** Data extract follows **

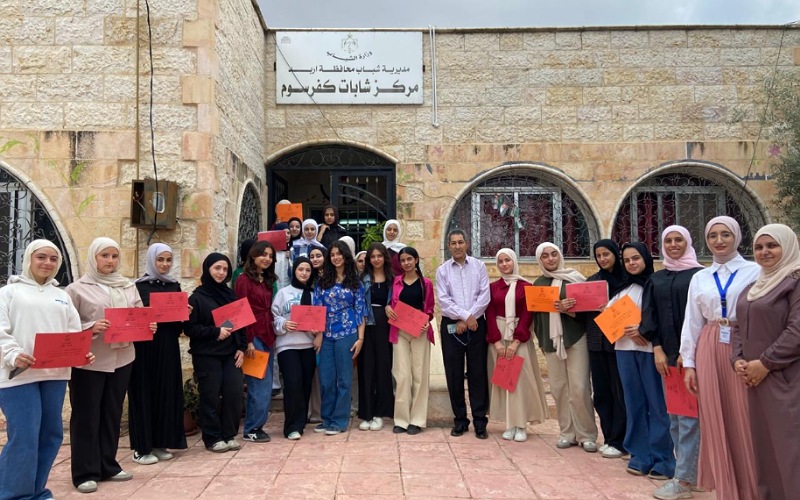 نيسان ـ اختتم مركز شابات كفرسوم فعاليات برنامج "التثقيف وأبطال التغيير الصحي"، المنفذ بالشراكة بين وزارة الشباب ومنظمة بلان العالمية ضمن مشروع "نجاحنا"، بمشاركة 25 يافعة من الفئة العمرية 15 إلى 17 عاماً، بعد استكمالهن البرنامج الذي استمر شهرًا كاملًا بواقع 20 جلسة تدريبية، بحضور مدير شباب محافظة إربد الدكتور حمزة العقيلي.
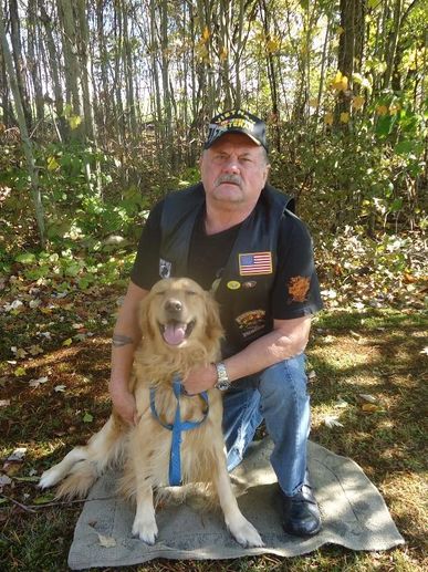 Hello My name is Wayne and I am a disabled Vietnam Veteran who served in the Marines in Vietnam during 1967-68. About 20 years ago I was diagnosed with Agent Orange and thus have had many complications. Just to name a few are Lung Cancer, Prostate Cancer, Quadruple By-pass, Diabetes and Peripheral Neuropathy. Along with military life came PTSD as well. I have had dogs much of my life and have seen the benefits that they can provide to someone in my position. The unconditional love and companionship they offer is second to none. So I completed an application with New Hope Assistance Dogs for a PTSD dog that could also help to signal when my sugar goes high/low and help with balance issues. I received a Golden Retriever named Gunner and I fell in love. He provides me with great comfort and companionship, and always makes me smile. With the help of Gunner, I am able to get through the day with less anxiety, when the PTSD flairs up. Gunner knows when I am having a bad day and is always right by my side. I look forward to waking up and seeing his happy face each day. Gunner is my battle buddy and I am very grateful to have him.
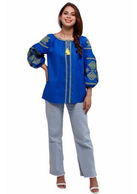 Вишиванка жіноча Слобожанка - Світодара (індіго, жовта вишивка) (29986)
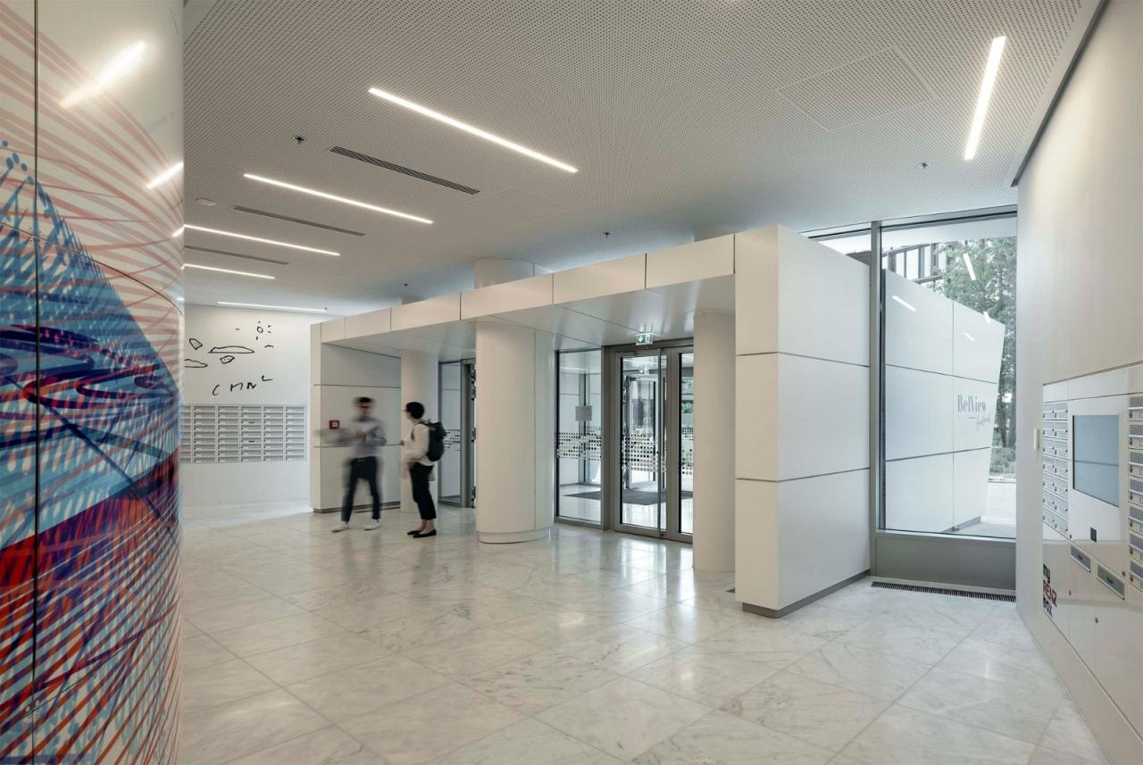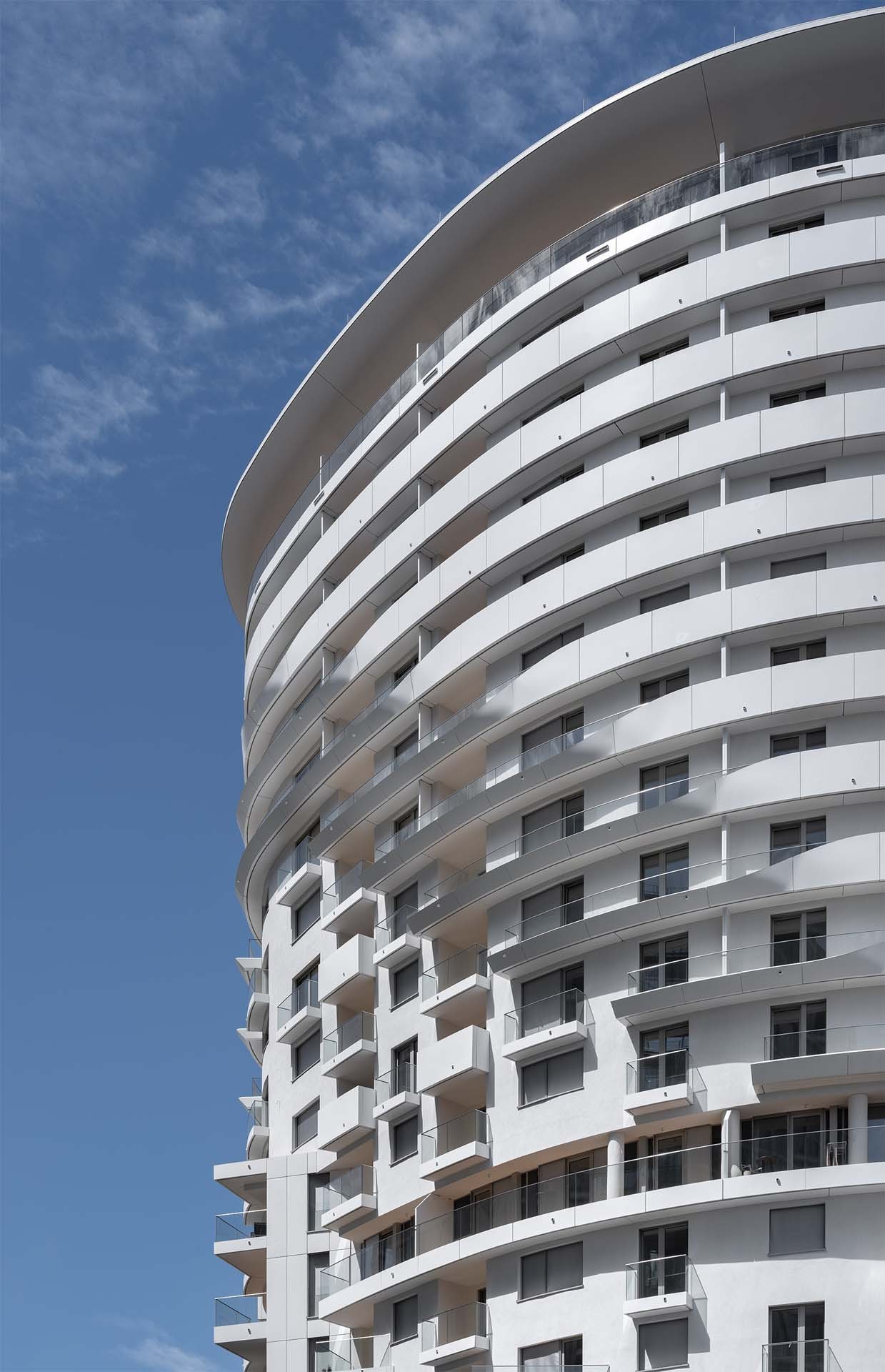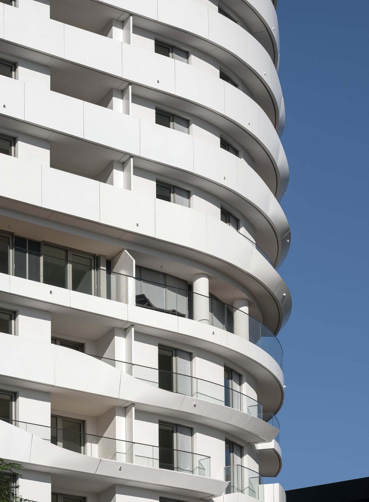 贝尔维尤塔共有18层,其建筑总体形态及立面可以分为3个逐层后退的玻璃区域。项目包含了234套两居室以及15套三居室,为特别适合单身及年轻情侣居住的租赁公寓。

** End of Data extract **
** Data extract follows **

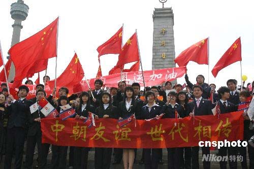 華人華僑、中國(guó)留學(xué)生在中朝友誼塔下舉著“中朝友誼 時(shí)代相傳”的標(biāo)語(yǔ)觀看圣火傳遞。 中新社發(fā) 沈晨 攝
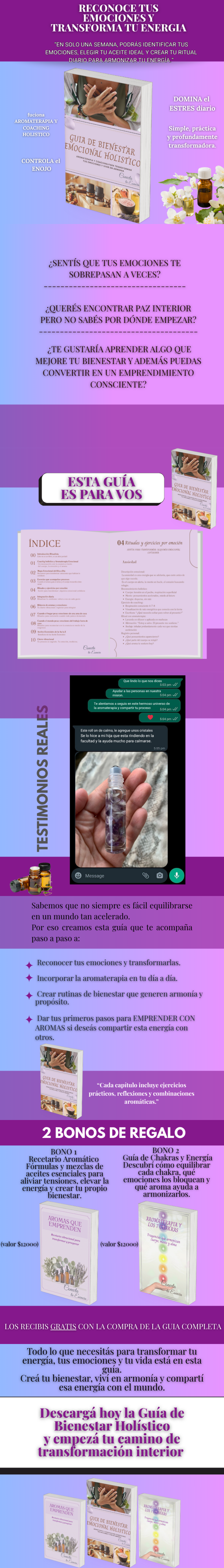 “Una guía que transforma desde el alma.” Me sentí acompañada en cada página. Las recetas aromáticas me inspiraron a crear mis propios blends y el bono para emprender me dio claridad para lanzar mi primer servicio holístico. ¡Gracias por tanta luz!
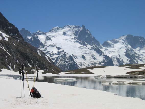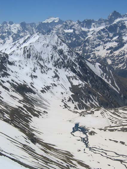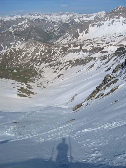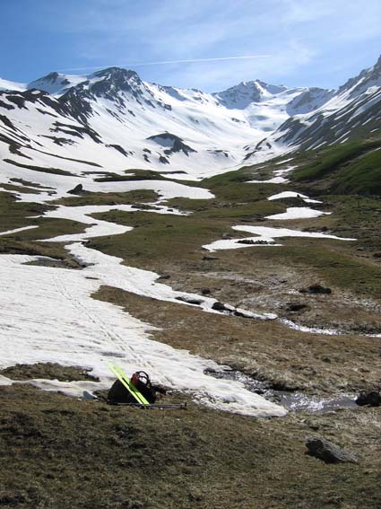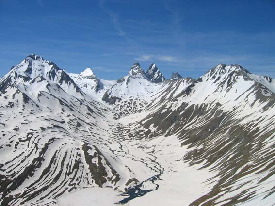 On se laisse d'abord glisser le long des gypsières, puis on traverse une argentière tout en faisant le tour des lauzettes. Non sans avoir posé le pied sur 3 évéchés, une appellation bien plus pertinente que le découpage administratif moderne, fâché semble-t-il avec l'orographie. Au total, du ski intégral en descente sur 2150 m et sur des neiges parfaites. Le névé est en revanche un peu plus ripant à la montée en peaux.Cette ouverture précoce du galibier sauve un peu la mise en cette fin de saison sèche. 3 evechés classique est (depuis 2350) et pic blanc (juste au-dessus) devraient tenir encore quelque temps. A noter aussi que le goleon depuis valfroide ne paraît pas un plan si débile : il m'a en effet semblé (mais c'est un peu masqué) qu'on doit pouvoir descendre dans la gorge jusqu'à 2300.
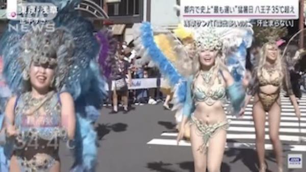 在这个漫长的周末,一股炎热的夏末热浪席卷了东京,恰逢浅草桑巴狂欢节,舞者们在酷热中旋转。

** End of Data extract **

_Action item_
From the material above, give again exactly the lines from the one that contains "Вишиванка жіноча Слобожанка" through the one that contains "贝尔维尤塔共有18层,其建筑", and leave out the pictures.

_Task result_
 Вишиванка жіноча Слобожанка - Світодара (індіго, жовта вишивка) (29986)
 贝尔维尤塔共有18层,其建筑总体形态及立面可以分为3个逐层后退的玻璃区域。项目包含了234套两居室以及15套三居室,为特别适合单身及年轻情侣居住的租赁公寓。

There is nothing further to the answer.